Sebanyak 62 dari 131 peserta dinyatakan lolos dari babak pertama grand final, Sabtu (5/9/2015). Tempat di PB Djarum Kudus belum benar-benar aman. Mereka masih ditunggu ujian selanjutnya berupa tes fisik besok dan akan berlanjut dengan karantina.

Tapi, setidaknya lolos ke babak kedua grand final cukup melegakan. Mereka sudah makin dekat untuk jadi anggota PB Djarum.

Tak mengherankan jika tangis gembira dan duka bercampur aduk di GOR Djarum siang ini. Kakak beradik Muhammad Nur Iqram dan Nurul Izmi Aprilia gembira karena lolos ke babak kedua besok.

Iqram sudah menarik perhatian karena dia menangis saat senar raketnya putus di tengah pertandingan. Tangis itu berubah menjadi kegembiraan kali ini.

"Saya tidak menyangka bisa lolos terus. Saya makin senang dengan adik saya yang juga lolos. Besok masih ada tes, saya jaga kondisi saja, istirahat," kata Iqram.

Rupanya ada kisah menarik selain senar raket yang putus dan nasihat Christian Hadinata yang mewarnai perjalanan Iqram di Kudus itu. Perjalanan Iqram dan keluarganya menuju Kudus penuh perjuangan.

Iqram dan Nurul, serta kedua orang tua mereka, Ishak Rusli dan Salawati, tiba di Kudus pada Selasa (1/9/2015). Mereka datang jauh-jauh hari dengan memperhitungkan waktu tempuh dari Makassar ke Kudus yang kurang bisa diprediksi secara tepat.

Mereka naik kapal selama dua hari satu malam plus perjalanan darat dari Surabaya sekitar enam jam. Ya, pilihan moda itu demi meminimalkan pengeluaran.

"Ini saja pakai pinjam uang ke tetangga Rp 2 juta. Beruntung ada subsidi per peserta Rp 2 juta dari Djarum buat peserta di luar Jawa. Dua anak dapat Rp 4 juta. Untuk perjalanan dan penginapan tidak cukup kalau naik pesawat. Kami milih naik kapal meski perjalanan lebih lama," kata Ishak yang seorang sopir taxi.
Β 
Nurul yang baru pertama kali naik kapal menikmati saja perjalanan itu. Meski dia tak doyan makanan yang disediakan di kapal dan merasa pusing setelah turun dari kapal.

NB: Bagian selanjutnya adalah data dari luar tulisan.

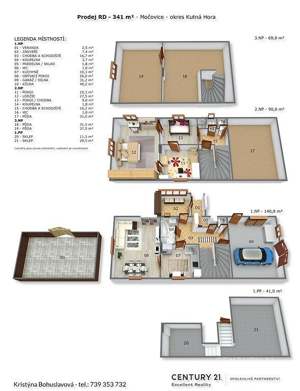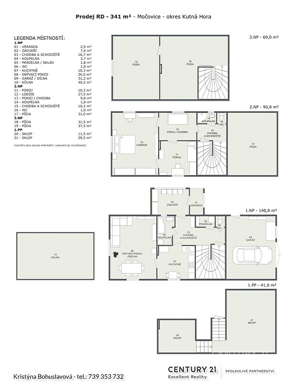 Nabízíme Vám ke koupi zděný rodinný dům 4+1 o celkové užitné ploše 341 m² a výměrou pozemku 1120 m² v obci Močovice u Čáslavi, okres Kutná Hora. Dům je určen k rekonstrukci, samostatně stojící, dvoupodlažní s půdním prostorem a částečně podsklepený. Zastřešení je provedeno sedlovou střechou. Pod střechou se nachází prostorná půda (3.NP). Součástí objektu je i nevytápěná garáž s menší půdou pro uskladnění věcí. Okna původní dřevěná, původní elektřina 230 – 400 V (pouze nový hlavní jistič), obecní vodovod a tlaková kanalizace, vlastní studna se třemi prameny (vydatná). Na pozemku stojí prostorná kůlna/dílna a dřevníky. Rodinný dům se nachází na velmi klidném místě, resp. na samotě u přírody. Město Čáslav se nachází pouze 2,5 km od obce Močovice a Kutná Hora cca 7 km. V obci je MŠ, obecní knihovna, obchod s potravinami, hospůdka a autobusová doprava. Na nemovitost byla podána žádost o dotaci programu z prostředků Modernizačního fondu Nová zelená úsporám, která byla již schválena s možností čerpání poskytnuté dotace. Pro více informací o schválené výši dotace sdělím na vyžádání. Dotace se vztahuje na optimální zateplení domu, tj. fasády, podlah, stropu, střechy atd., tepelné čerpadlo vzduch/vzduch nebo vzduch/voda pro vytápění a ohřev vody s podporou FV, fotovoltaické systémy pro výrobu el. energie, systém řízeného větrání se zpětným získáváním tepla a instalace dobíjecí stanice. K dispozici je i cenová nabídka na stavební práce zahrnující zateplení fasády, zateplení půdy, zateplení podlahy a výměnu oken. Objekt je bývalá staniční budova pro trať Čáslav – Močovice (4,2 km). Trať vznikla v letech 1881 až 1882 pro místní cukrovar. Zanikla částečně v roce 1965 po ukončení provozu v 60. letech. Trať sloužila primárně k dopravě cukrové řepy do cukrovaru v Močovicích, který byl v té době hlavním zdrojem nákladní dopravy na trati. V případě zájmu o prohlídku či o více informací mne neváhejte kontaktovat. Nemovitost lze financovat hypotečním úvěrem.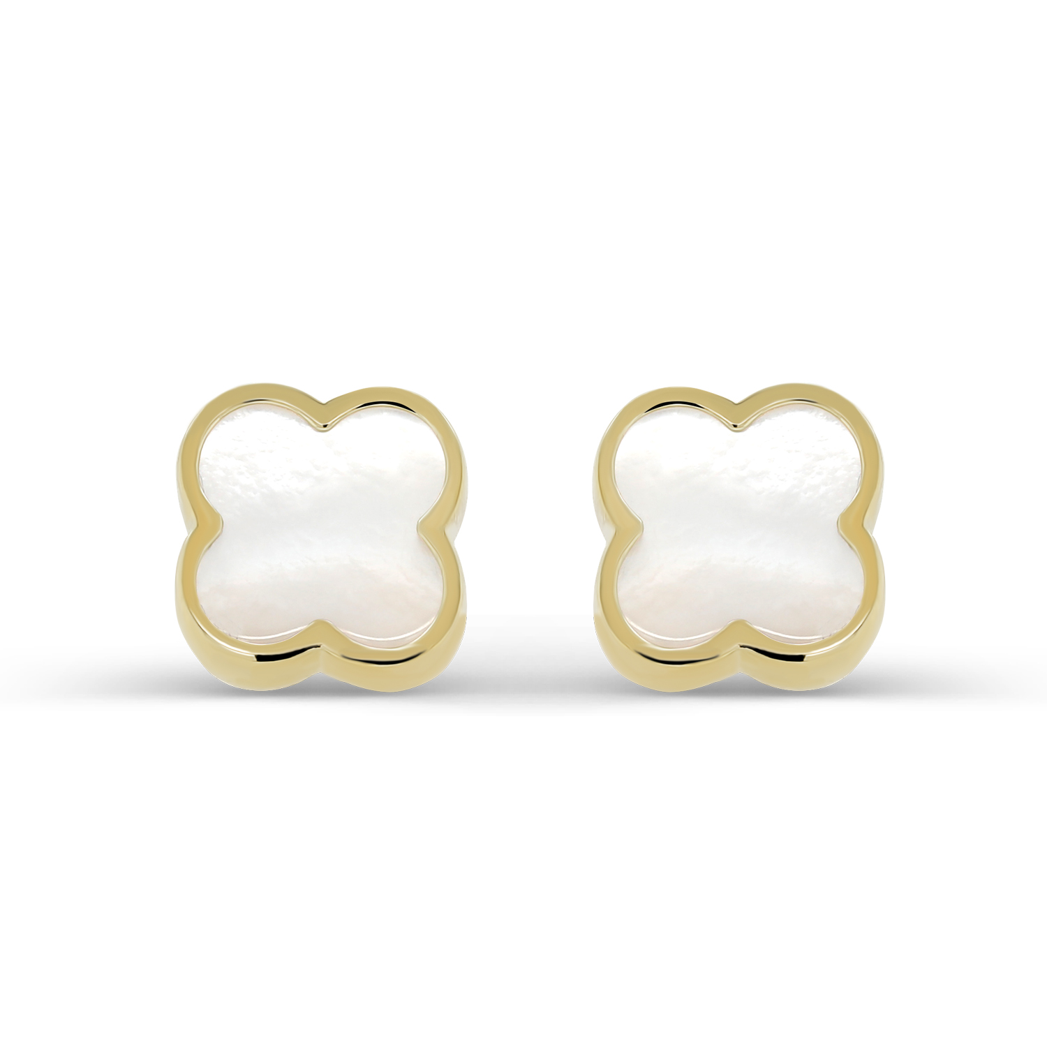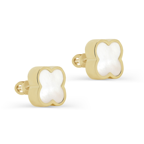 Нежные серьги-пусеты, выполнены из желтого золота 585 пробы, украшены перламутром

"Cukup melelahkan. Saat turun dari kapal terasa masing goyang-goyang. Tapi enggak mabuk kok," kata Nurul.



Nasib berbeda dialami kakak beradik dari Pekanbaru, Rahmat Yulio Rafli dan Rahma Novita Febi. Rahmat lolos, tapi Rahma tidak.

Rahmat membatasi perayaan keberhasilan itu. Dia tak tega melihat adiknya yang menangis sedih. Juga ibunya yang turut menitikkan air mata.

Kesedihan itu memang tak bisa dihindarkan. Apalagi mereka sudah berjuang bersama-sama sejak audisi di Medan.

"Tadi saya hibur. Saya juga bilang masih ada waktu, berlatih lebih keras lagi," kata Rahmat.

Lagipula, Rahmat belum mau bersenang-senang. Sebab masih ada seleksi lanjutan, tes fisik besok dan karantina selama sepekan.

"Besok berusaha semaksimal mungkin saja. Semoga mendapatkan hasil terbaik," kata Rahmat.